Nobody can get through Criminal Man without feeling the urge to check the mirror for telltale signs of criminality. If you have any two of the following marks, you may start to worry: a hooked nose, cheek pouches, enormously developed middle incisors, supernumerary teeth, a diminished number of lines in the palms of your hands, asymmetry of the iris, dark hair, or a forehead covered with down, to name a few.[2] You might be able to get away with having slightly lopsided ears, but if your coccyx could be mistaken for a tail (especially if it is tufted with hair) or if you boast a double row of teeth, then you are on Lombroso’s hit list.
Cesare Lombroso (1835–1909) is known to most as the father of modern criminology.[3] Having made his career as an army physician, an alienist, a professor of medical jurisprudence, and a professor of psychiatry, he linked psychology to skull configuration, and held biology, not culture, responsible for criminal acts. Using the methods of Paul Broca, the anthropometrist who devised instruments that could measure almost any part of the human body, he concentrated on the criminal’s morphology, promptly becoming the Champollion of crime.[4] Like Gall (1758–1828), he linked psychology to skull configuration, and like Broussais (1772–1828), he became convinced that all phenomena could be traced to external stimuli. In The Criminal, Havelock Ellis hailed Lombroso as the Columbus “who led the way to a fresh scientific region.”[5]

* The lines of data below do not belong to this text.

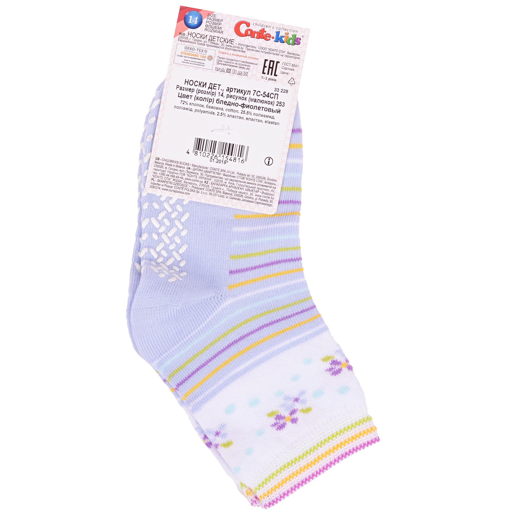 Круглогодичные укороченные детские носки, цвет фиолетовый, с нескользящей стопой, состав: 72% хлопок, 25.5% полиамид, 2.5% эластан, фабричный артикул 7С-54СП. Производитель «Conte, Беларусь» под брендом «Conte».
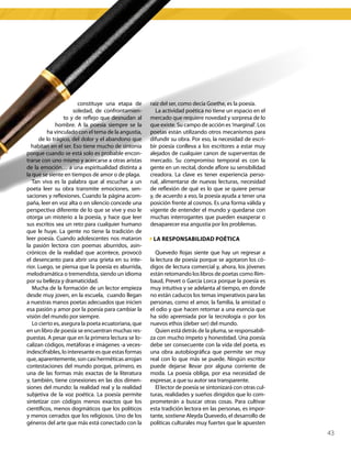 La poesía es un testimonio honesto del tiempo que permite expresar emociones, pensamientos y reflexiones. Escribir poemas requiere depurar el lenguaje y construir imágenes con ritmo, tono y silencios. Leer poesía es una forma de enfrentarse a uno mismo y encontrar respuestas sobre la vida. Los poetas se comprometen a transmitir experiencias de forma transparente a través de su obra, a pesar de que la poesía suele estar al margen del mercado.
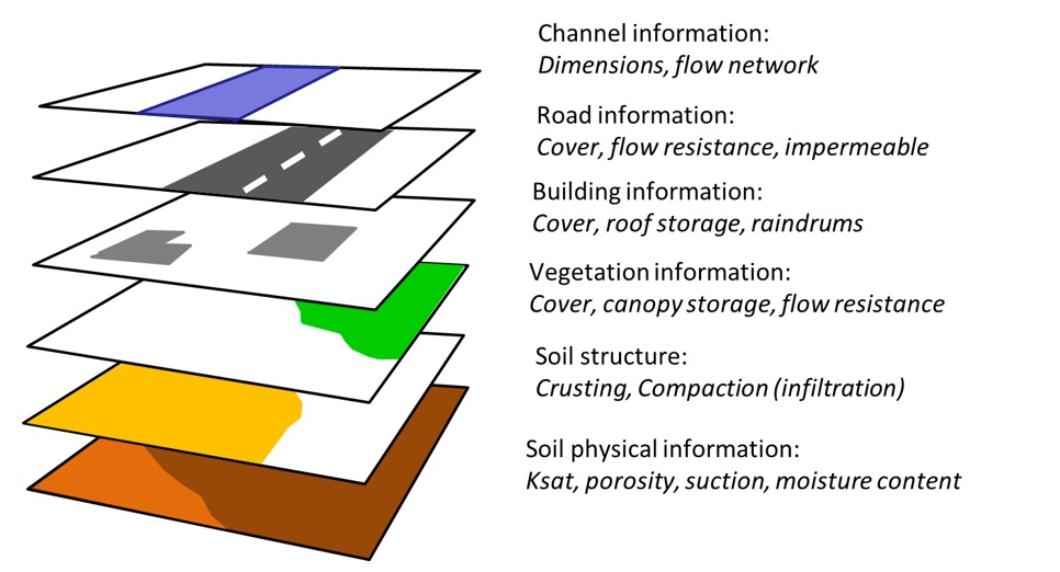 Figure 4. Different information layers are combined into one set of information per gridcell. Vegetation and building information is given as a fraction per cell, roads and channels are given as width in m. The soil layer is the base layer so that we always know what for instance the infiltration beside a road or house is. Infiltration and flow resistance are determined as a gridcell weighted average response.Â
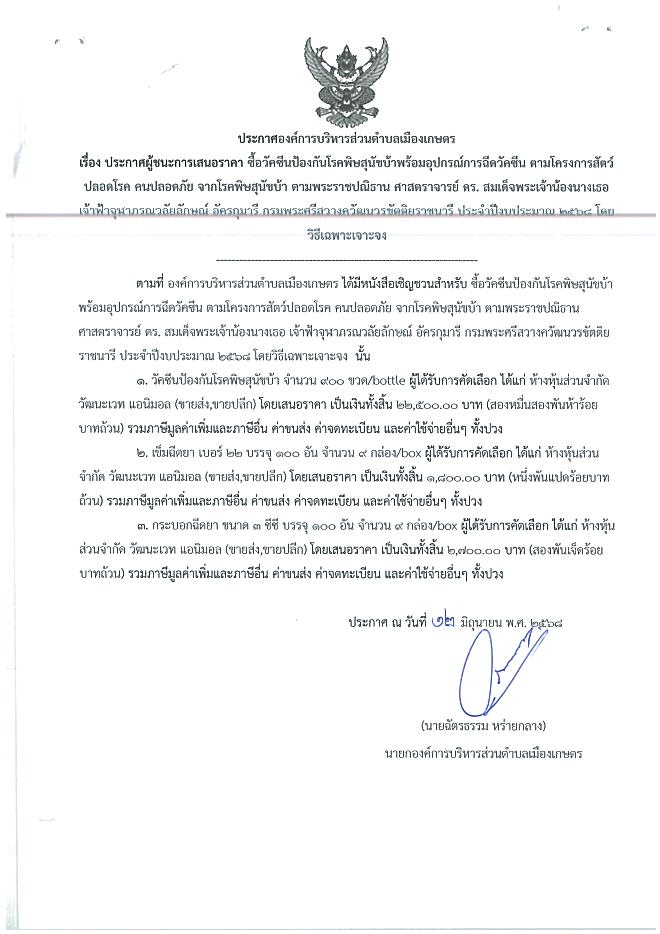 ประกาศผู้ชนะเสนอราคาซื้อวัคซีน (กองสาธาณสุขฯ)

A reformist whose prose at its best smacks of Rousseau’s Émile, and at its worse of Flaubert’s mock experts in Bouvard et Pécuchet, Lombroso’s two main works—Criminal Man and The Man of Genius—reveal a 19th century that is both transfixed and baffled by the problem of evil. Lombroso is drawn to evolution and determinism rather than metaphysics; he is Darwin’s, not Schopenhauer’s heir. For a man whose work is so much about the manifestation and eradication of evil, the concept itself is astonishingly absent from his writings. It is described as simply as one might depict a large tumor, an ugly growth that could be removed in time, once the proper tools and methods were found. Piling high medical terminology to keep the difficulty of the concept at bay, Lombroso defines the criminal to disarm him[6]: If one considers evil as a mere accident of evolution, then it need not be addressed as the great unknown, the great intellectual scandal that would put reason out of business. Nevertheless, Lombroso’s adamant belief that criminal proclivities could be quantified betrays a corollary anxiety about crime’s omnipresence, its rhizomic proliferation.

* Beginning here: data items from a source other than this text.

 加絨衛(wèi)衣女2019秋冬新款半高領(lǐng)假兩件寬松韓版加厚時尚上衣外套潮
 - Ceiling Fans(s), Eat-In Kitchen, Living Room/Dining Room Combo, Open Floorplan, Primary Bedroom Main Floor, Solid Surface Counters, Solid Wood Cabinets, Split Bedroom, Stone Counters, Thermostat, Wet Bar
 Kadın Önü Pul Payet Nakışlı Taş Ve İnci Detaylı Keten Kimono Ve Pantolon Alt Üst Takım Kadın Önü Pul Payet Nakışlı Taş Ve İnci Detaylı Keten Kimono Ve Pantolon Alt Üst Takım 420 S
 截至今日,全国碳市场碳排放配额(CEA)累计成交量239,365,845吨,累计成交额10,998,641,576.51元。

He invents the concept of the born criminal and the atavistic murderer in order to prevent them from ever being read as the product of an enlightened civilization. These theories had the great advantage of protecting Lombroso from ever having to consider evil as a philosophical problem, an object of inquiry on its own terms. Evil is caused by a biological blunder, not by a conscious act of will. Lombroso would have sided with the Kant who rejected the notion of malicious will. There is no question that to admit the possibility of commiting evil for its own sake would have aroused too great a philosophical scandal, perhaps even jeopardizing the primacy of scientific thought itself.[7]

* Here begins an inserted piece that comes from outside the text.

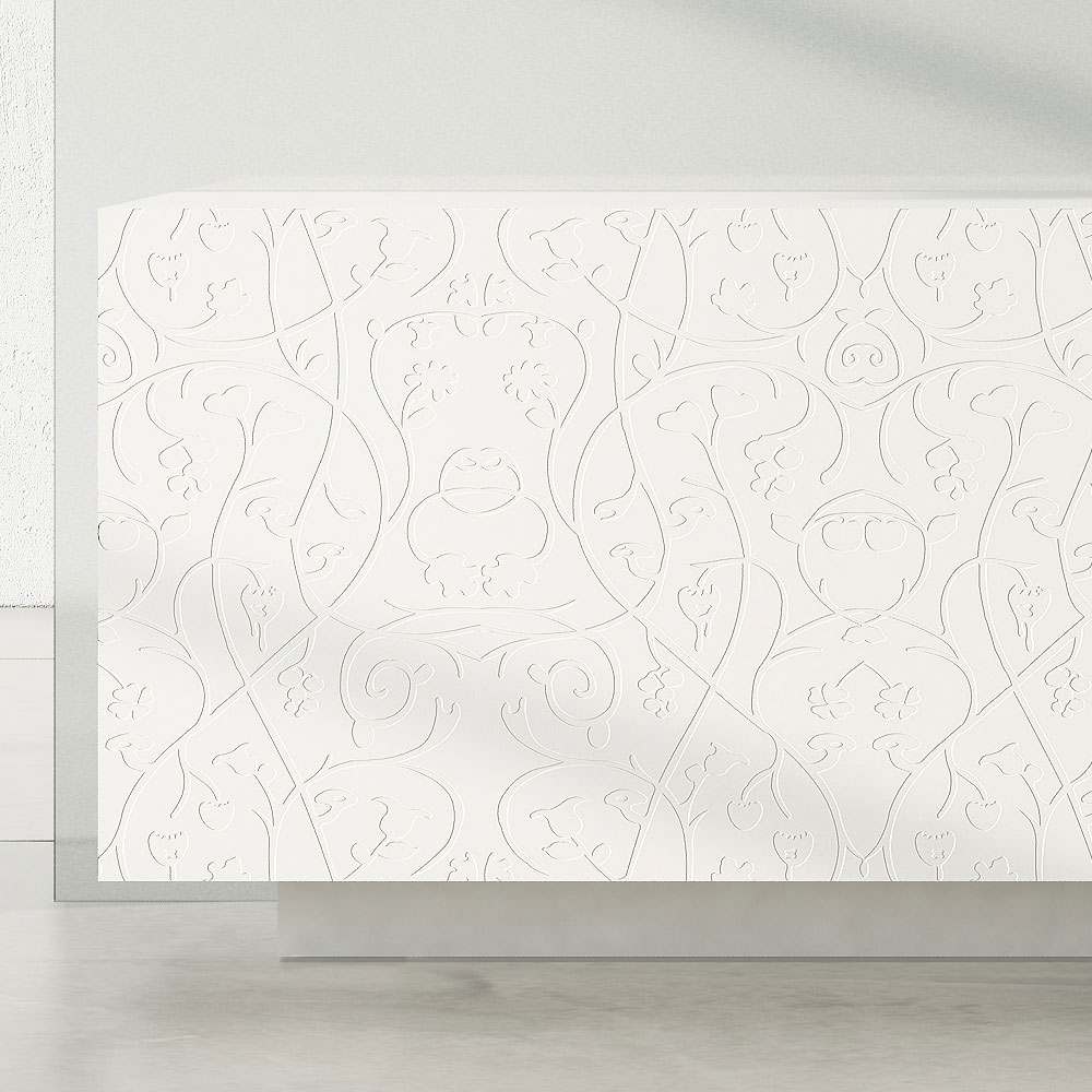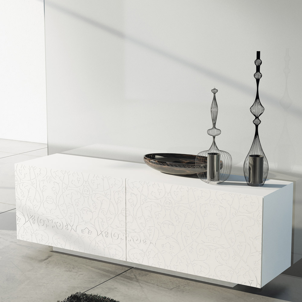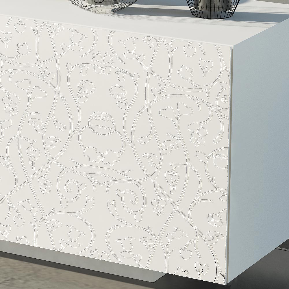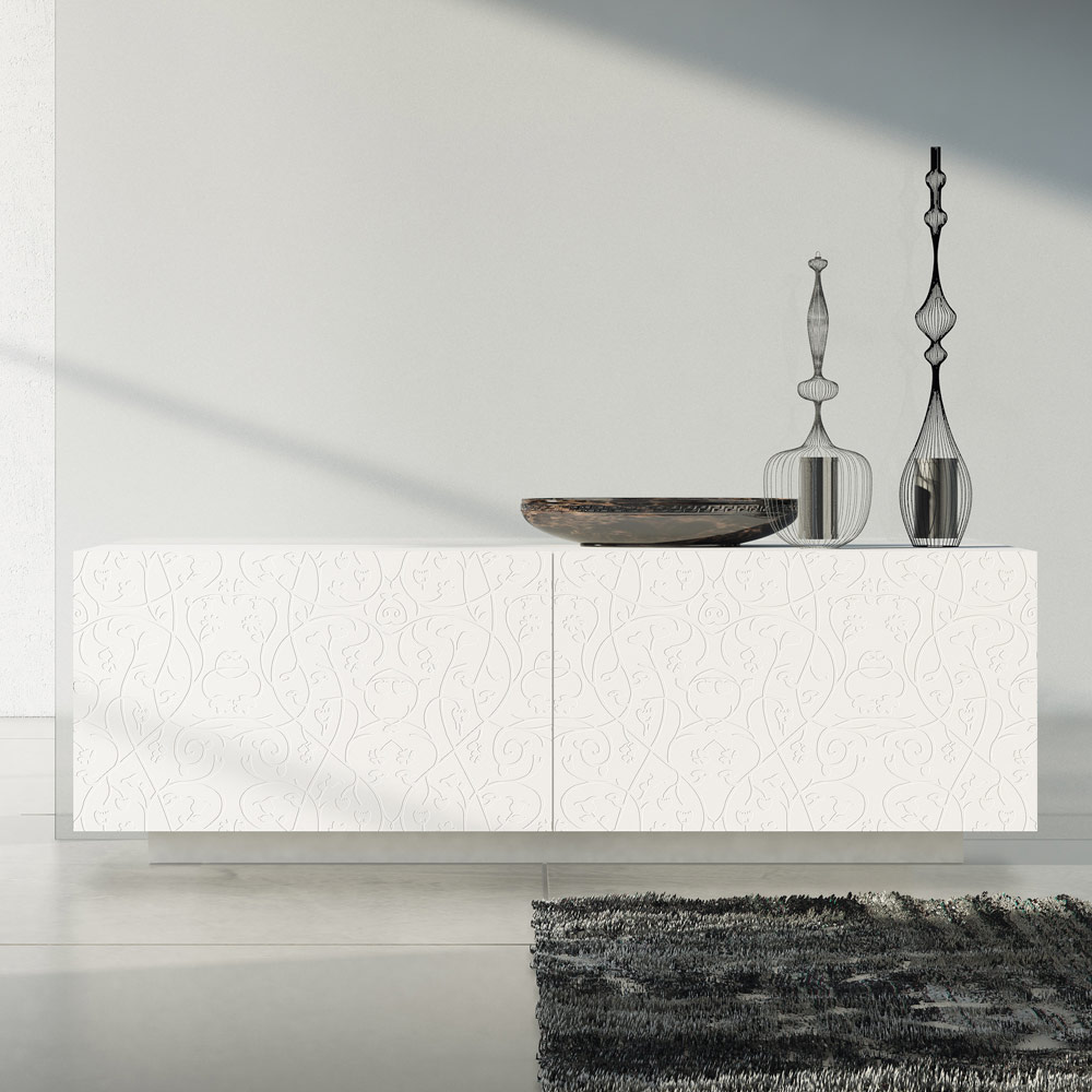 Modern sideboard with white matt lacquered MDF structure composed of 2 coplanar sliding doors which guarantee great functionality and practicality and from the lacquered plinth which offers a lot of stability. This product is full of taste and design thanks to its elegant and refined finishes and the bas-relief decoration of the doors which makes them unique in their kind. The various materials used for the construction offer great quality and resistance over time, giving the product that unique and unforgettable touch.

Lombroso claimed that his data derived from the examination of over 7,000 criminals, and—though he eventually developed quite serious doubts about his anthropometric procedures—he never seemed to question the surreal conclusions drawn from his methods.[8] These ranged from the belief that a born criminal may be detected via diminished excretion of nitrogen in the urine,[9] to the larger assumption that such biologically based degeneracy precluded efforts at societal reform or institutional rehabilitation:
Even the most intellectual of cultures is unable to alter [criminals’] intractable leanings; they never reach that mental equilibrium that enables average people to adapt their conduct to the conditions of social life […] To work on the betterment of such individuals would be to believe that the penitentiary system could perform real miracles.[10]
Lombroso’s born criminal was a simple-minded monster, the offshoot of a biological disorder. An aberrant Frankenstein figure within the otherwise comprehensible—because cultural—world of villainy, the criminal man was unsalvageable, and therefore should be exterminated.[11] As such, he (and less often, she) contrasted sharply with the trope of the “villain” in the 19th-century literary imagination. This demotion in metaphysical status poses questions central to the anxieties of 19th-century culture. Are human beings primarily motivated by self-interest? Can everything be defined by milieu and heredity or is there finally something enigmatic about mankind, conveyable solely through art? In the ferment of these debates, as the utilitarian social theories of Bentham, Mill, and Fourier gained ground, the concept of pure evil reemerged in literature and philosophy as a strange counter-poison. Baudelaire’s prose poems (Le Mauvais vitrier); the famous rant against utopianism in Dostoevsky’s Notes from Underground; the hypothesis about the China Man in Crime and Punishment; Poe’s fantastic tales: All gave powerful voice to debates that the 18th century had kept comfortably abstract. In these texts, evil appeared as a primal manifestation of the human will, an antidote against the prosaic, and a formidable instrument of transcendence.[12]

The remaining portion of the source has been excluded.